Горбачев не боялся этих мыслей, едких, как полынь-трава, и боли не боялся. Поди знай, будет, нет ли, чего ж загодя паниковать. Все-все, что ему предстояло, был готов он вытерпеть, — ни выдержки, ни терпеливости не занимать. Лишь одного боялся Григорий Константинович — так боялся, что, стоило подумать об этом, руки становились липкими от пота, а губы обметывало горячечной сушью, — что Рита раньше времени узнает правду о его болезни.
С тех пор, как Горбачев при помощи своего соседа по палате, сантехника Зайца и растяпы Таисы Сергеевны, старшей сестры отдела радиохирургии, узнал, что болен неизлечимо, у него была одна цель, одна-единственная: чтобы Рита ни о чем не догадалась. До самого конца. До последней минуты, пока он сможет оставаться самим собой. Таким, каким был все четыре года, что они прожили вместе: сильным, добродушным, веселым. Четыре года он делил с нею радость, одну лишь радость, переполнявшую его, как вода реку в половодье. Беду он не хотел делить ни с кем. Особенно с нею.

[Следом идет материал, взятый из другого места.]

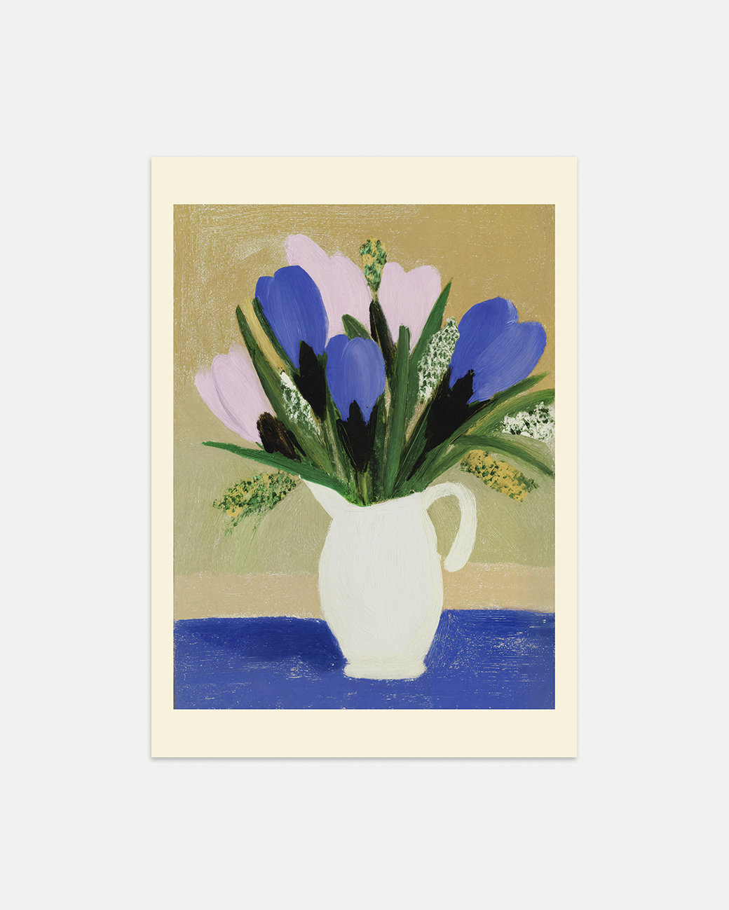 A painting of purple flowers in a white vase in front of a sand yellow wall.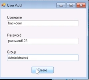 This function will add a backdoor user to the Local Administrators Group

Рита была для Горбачева не просто женой — женщиной, с которой ешь, спишь, ходишь в гости и в театр, ссоришься из-за непришитой пуговицы или другого пустяка, а нежданным, негаданным чудом, связавшим свою жизнь с его жизнью по случайной, необъяснимой прихоти. За четыре года он так и не смог привыкнуть к тому, что Рита — его жена! Все время Григория Константиновича не покидало острое ощущение, что однажды она исчезнет. Она исчезнет, как и появилась, случайно, неожиданно, словно вынырнувший из тумана самолет, который через мгновение снова уйдет в туман, не оставив от себя даже следа — был? не был? — и уже ничто на свете не сможет ее вернуть. Всякий раз он возвращался с аэродрома домой, как на первое свидание, — с тревогой и надеждой, и, хотя всякий раз оказывалось, что тревога придумана, избавиться от нее он не мог.
Если бы у него спросили, счастлив ли он, Горбачев, ни секунды не колеблясь, ответил бы: счастлив! Однако где-то в подсознании он чувствовал, что счастье его сродни новой, еще не прошедшей испытаний и не запущенной в серию машине: вроде бы чудо-самолет, а поди знай, какую штуку он с тобой выкинет в самый неподходящий момент. Но зыбкость эту, неуверенность свою он никогда не променял бы на серийное счастье, прочное и устойчивое, как набитый тряпьем комод.
Во всем, что не касалось авиации, Григорий Константинович считал Риту выше и лучше себя. Он был прост и непритязателен, любил плотно поесть, забить свободным вечерком с друзьями «козла» или перекинуться в картишки, подремать у телевизора с газетой либо с растрепанной «шпионской» книжкой, опере предпочитал футбол и хоккей, безбожно путал импрессионистов с экзистенциалистами и хранил нерушимую верность «Землянке», «Любимому городу», «Синенькому платочку» и другим песням своей фронтовой молодости. Так сложилась жизнь, что не было у него времени бродить по залам музеев, рыться в библиотечных каталогах и журналах, выстаивать длинные очереди, чтобы достать билетик на концерт заезжей знаменитости. После войны Горбачев дважды поступал в Военно-воздушную академию и дважды с треском проваливался по причине катастрофической нехватки школьной премудрости, а в третий и рисковать не стал: очень уж болезненно переживал неудачи. Но, хотя не было у него академического «поплавка», начальство Григория Константиновича уважало, а подчиненные любили, потому что работу свою он знал отлично и отдавал ей всего себя без остатка. А на большее — не хватало: слишком уж напряженной и хлопотной она была, его работа.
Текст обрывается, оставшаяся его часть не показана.